## Work item
Report back the lines in this listing that carry the string "State".

## Entries supplied
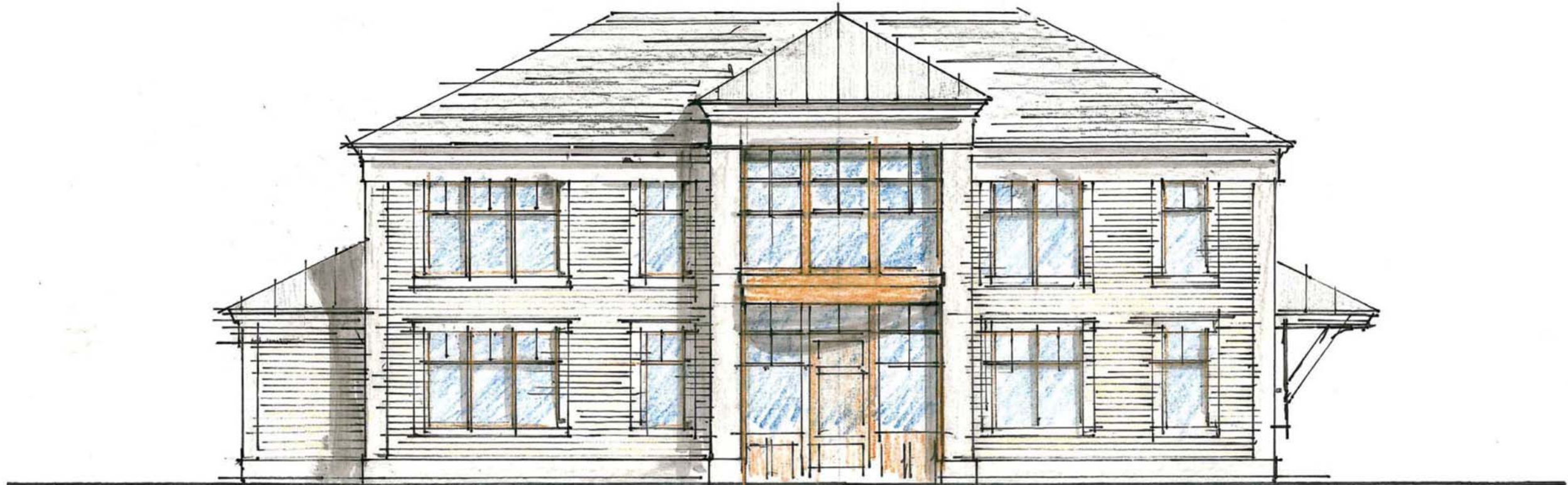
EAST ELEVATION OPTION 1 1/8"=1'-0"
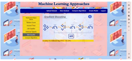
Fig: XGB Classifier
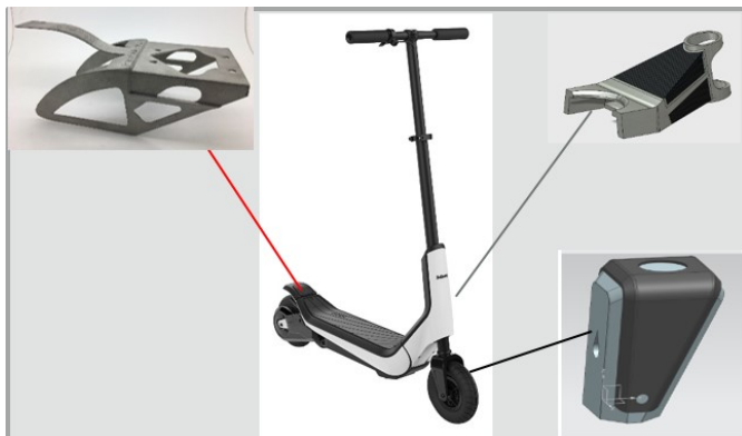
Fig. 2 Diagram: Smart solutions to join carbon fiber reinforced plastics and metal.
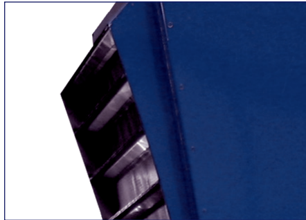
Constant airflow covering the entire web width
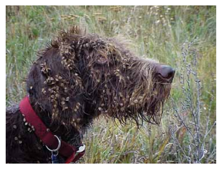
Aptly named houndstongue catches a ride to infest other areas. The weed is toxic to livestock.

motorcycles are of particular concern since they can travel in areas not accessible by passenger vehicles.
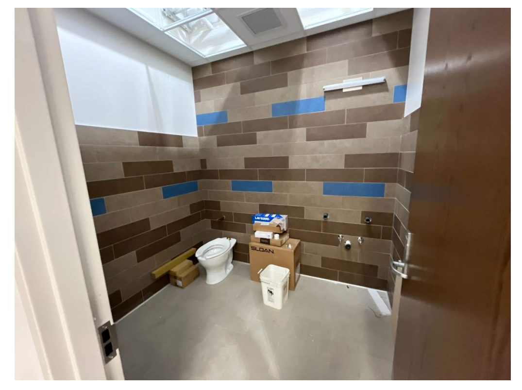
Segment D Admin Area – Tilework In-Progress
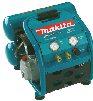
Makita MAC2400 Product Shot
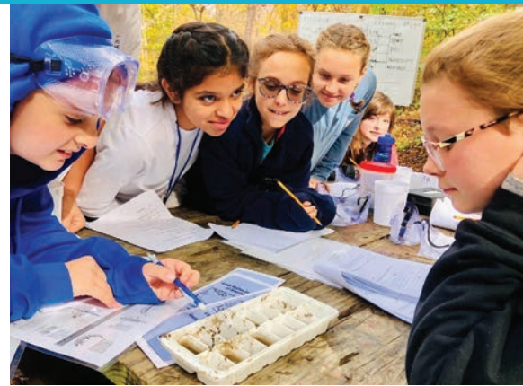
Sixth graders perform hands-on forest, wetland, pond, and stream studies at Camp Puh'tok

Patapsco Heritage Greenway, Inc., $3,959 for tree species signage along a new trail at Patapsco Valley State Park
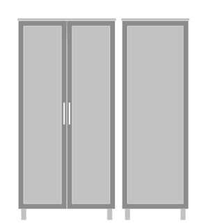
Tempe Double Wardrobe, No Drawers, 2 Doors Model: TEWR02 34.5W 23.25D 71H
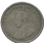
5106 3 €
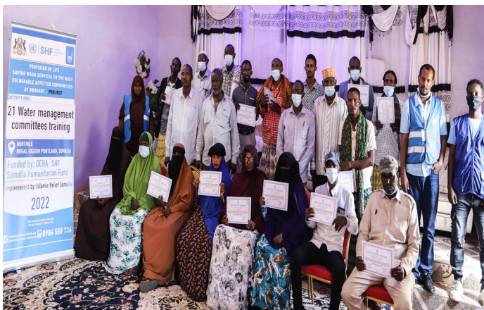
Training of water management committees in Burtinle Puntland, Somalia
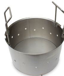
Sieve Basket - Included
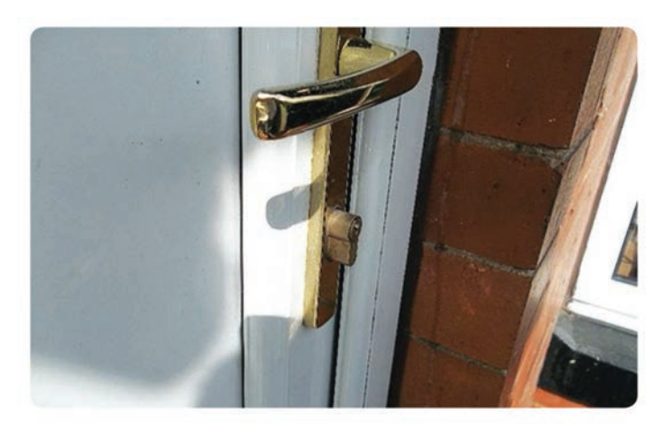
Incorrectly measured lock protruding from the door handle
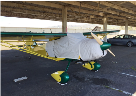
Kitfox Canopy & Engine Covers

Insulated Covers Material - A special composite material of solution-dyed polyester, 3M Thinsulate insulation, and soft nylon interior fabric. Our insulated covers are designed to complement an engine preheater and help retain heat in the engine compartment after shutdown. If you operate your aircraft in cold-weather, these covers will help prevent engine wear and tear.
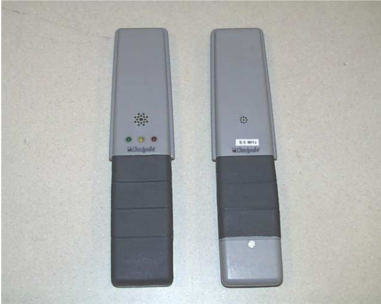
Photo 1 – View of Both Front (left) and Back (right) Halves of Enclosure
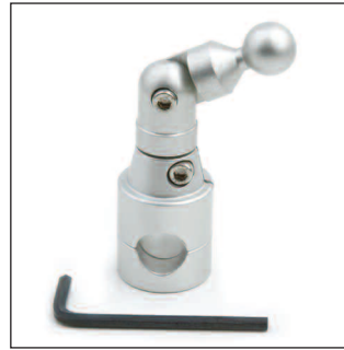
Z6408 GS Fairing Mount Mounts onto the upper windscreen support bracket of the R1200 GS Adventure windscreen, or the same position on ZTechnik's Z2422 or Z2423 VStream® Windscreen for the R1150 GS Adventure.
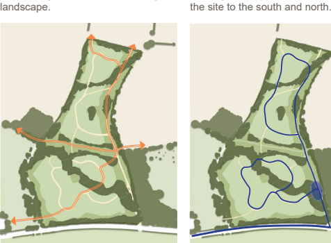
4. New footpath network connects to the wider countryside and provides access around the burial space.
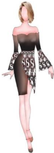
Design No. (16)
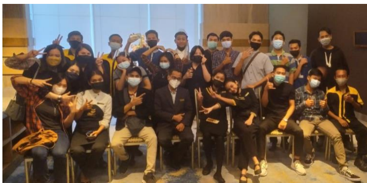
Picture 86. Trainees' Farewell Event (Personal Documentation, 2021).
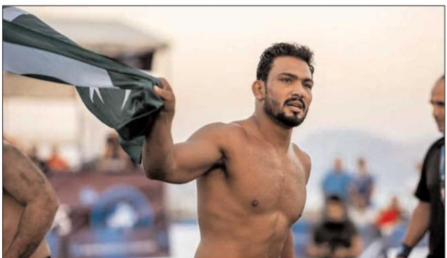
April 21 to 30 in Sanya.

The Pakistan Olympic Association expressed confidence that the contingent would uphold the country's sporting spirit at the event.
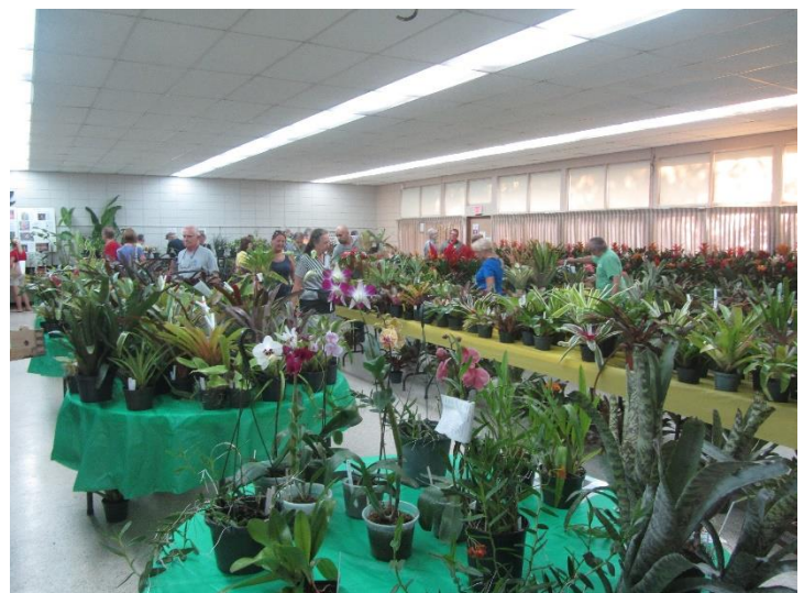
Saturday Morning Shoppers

--

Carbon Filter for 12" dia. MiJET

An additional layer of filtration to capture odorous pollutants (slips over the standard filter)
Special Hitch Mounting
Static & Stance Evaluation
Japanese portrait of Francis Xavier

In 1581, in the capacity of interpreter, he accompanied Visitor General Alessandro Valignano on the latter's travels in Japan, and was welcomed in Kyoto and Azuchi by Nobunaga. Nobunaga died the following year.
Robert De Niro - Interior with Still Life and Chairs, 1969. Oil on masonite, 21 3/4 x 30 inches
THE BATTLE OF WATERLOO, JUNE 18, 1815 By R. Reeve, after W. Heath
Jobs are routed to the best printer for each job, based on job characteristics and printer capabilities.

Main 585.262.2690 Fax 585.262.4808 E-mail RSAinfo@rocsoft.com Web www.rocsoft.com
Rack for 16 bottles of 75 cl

--

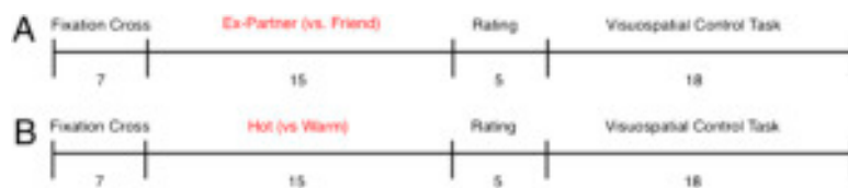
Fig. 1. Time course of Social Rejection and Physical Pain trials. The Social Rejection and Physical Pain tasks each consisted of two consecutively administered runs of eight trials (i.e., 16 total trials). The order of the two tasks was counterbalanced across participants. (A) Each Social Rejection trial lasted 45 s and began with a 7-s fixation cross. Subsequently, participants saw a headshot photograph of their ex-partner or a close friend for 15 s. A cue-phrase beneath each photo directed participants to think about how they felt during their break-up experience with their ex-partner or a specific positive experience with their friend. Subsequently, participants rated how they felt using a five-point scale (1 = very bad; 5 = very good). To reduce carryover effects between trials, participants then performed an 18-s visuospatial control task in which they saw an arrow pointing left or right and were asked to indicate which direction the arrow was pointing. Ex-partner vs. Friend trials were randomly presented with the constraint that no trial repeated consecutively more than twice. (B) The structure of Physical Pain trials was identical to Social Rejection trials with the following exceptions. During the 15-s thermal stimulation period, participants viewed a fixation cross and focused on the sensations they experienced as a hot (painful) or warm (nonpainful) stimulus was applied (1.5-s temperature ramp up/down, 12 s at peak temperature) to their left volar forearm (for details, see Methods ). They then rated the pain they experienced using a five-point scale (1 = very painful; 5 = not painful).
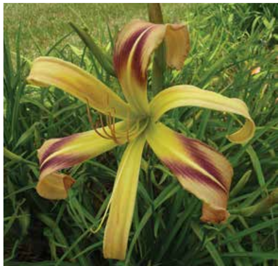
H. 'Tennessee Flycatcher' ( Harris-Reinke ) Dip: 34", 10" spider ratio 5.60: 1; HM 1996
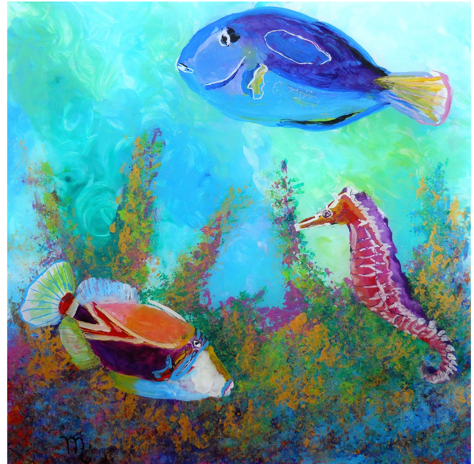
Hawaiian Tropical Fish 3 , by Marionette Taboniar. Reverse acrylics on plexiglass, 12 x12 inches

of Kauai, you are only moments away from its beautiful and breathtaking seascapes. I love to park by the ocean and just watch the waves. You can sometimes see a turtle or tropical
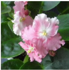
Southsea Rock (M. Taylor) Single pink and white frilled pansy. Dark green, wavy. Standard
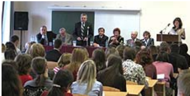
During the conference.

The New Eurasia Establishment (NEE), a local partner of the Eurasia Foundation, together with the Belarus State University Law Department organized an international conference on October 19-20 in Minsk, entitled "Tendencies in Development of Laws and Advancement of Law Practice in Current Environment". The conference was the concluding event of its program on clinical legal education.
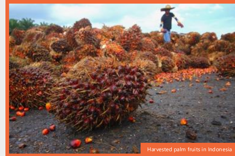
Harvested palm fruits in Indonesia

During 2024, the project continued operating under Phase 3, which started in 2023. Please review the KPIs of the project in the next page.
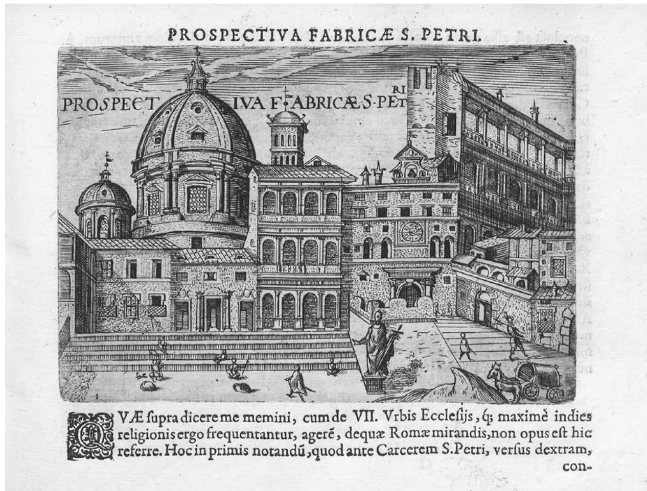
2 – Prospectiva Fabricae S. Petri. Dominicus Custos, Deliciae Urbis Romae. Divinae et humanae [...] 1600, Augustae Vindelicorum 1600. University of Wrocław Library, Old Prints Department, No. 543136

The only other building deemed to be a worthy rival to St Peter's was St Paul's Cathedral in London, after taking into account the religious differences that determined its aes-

## Exercise result
Patapsco Heritage Greenway, Inc., $3,959 for tree species signage along a new trail at Patapsco Valley State Park
The New Eurasia Establishment (NEE), a local partner of the Eurasia Foundation, together with the Belarus State University Law Department organized an international conference on October 19-20 in Minsk, entitled "Tendencies in Development of Laws and Advancement of Law Practice in Current Environment". The conference was the concluding event of its program on clinical legal education.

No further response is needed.